# RAW DATA
==============================

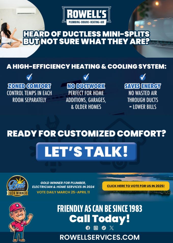 "Friendly As Can Be Since 1983!" When you need help with your plumbing, drains, heating, cooling or electrical in Bartlett, you can always rely on Rowell's Services! Call us now or book online!
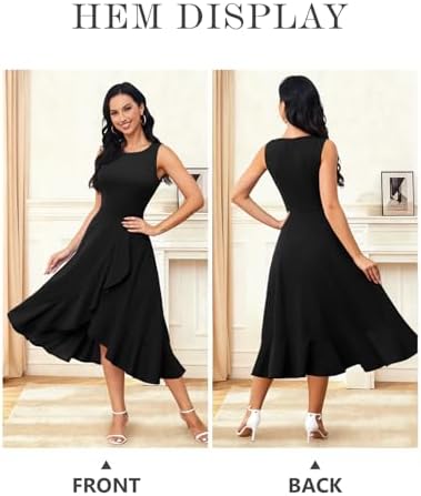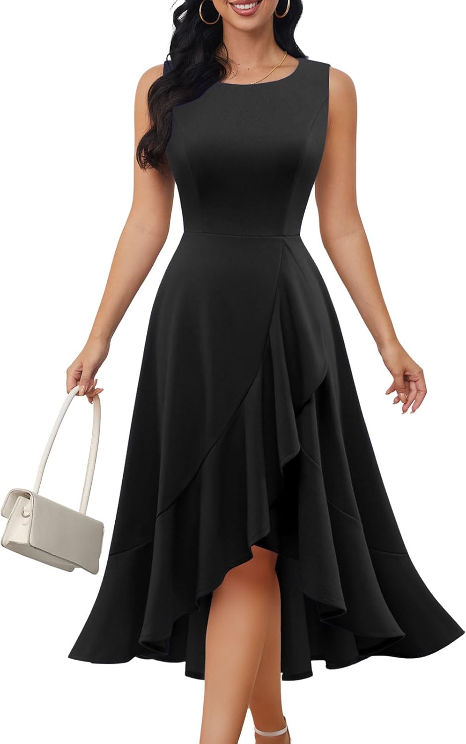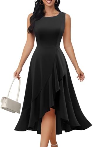 - Women’s Cocktail Dresses: Modest holiday party dresses for women feature sleeveless and mid calf. Asymmetrical ruffle high low hemline modifies figure and bring a swing look with your walking. Simple design but all extra details, Elegant but yet classy
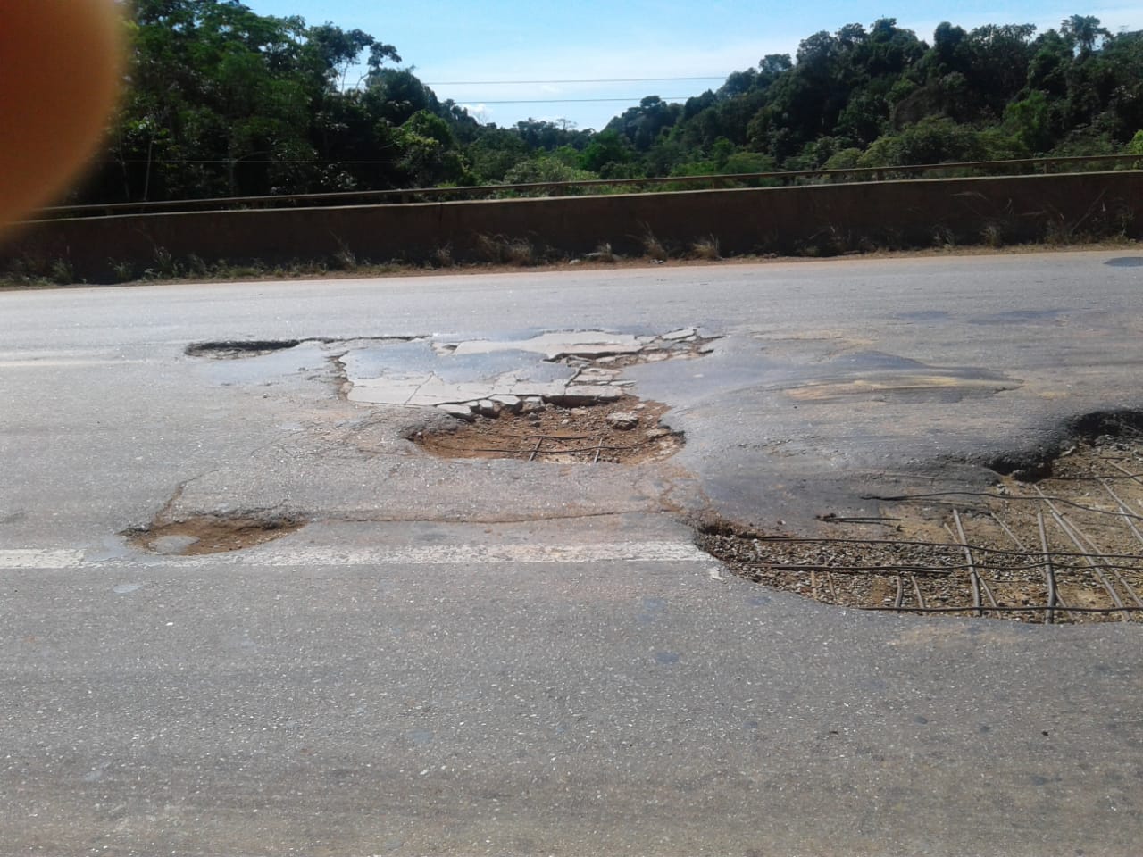 As fotos mostram uma situação absurda registrada na pista da ponte da Jacutinga, na BR-364, entre os municípios de Candeias do Jamari e Itapuã do Oeste. Motoristas procuraram o Rondoniaovivo para denúnciar o perigo no local. O asfalto desapareceu ocasionando uma cratera e deixando à mostra vigas de ferro que sustentam a estrutura e até a armação de concreto que serve como base. Além dos prejuízos materiais que os buracos podem causar existe o sério risco de acidente com motoristas que tentam desviar bruscamente quando se deparam com as crateras.

==============================

# TASK DIRECTIONS
With the pictures left out, output exactly the lines from the one with "- Women’s Cocktail" through the end of the listing above, both ends included.

# RESPONSE AREA
 - Women’s Cocktail Dresses: Modest holiday party dresses for women feature sleeveless and mid calf. Asymmetrical ruffle high low hemline modifies figure and bring a swing look with your walking. Simple design but all extra details, Elegant but yet classy
 As fotos mostram uma situação absurda registrada na pista da ponte da Jacutinga, na BR-364, entre os municípios de Candeias do Jamari e Itapuã do Oeste. Motoristas procuraram o Rondoniaovivo para denúnciar o perigo no local. O asfalto desapareceu ocasionando uma cratera e deixando à mostra vigas de ferro que sustentam a estrutura e até a armação de concreto que serve como base. Além dos prejuízos materiais que os buracos podem causar existe o sério risco de acidente com motoristas que tentam desviar bruscamente quando se deparam com as crateras.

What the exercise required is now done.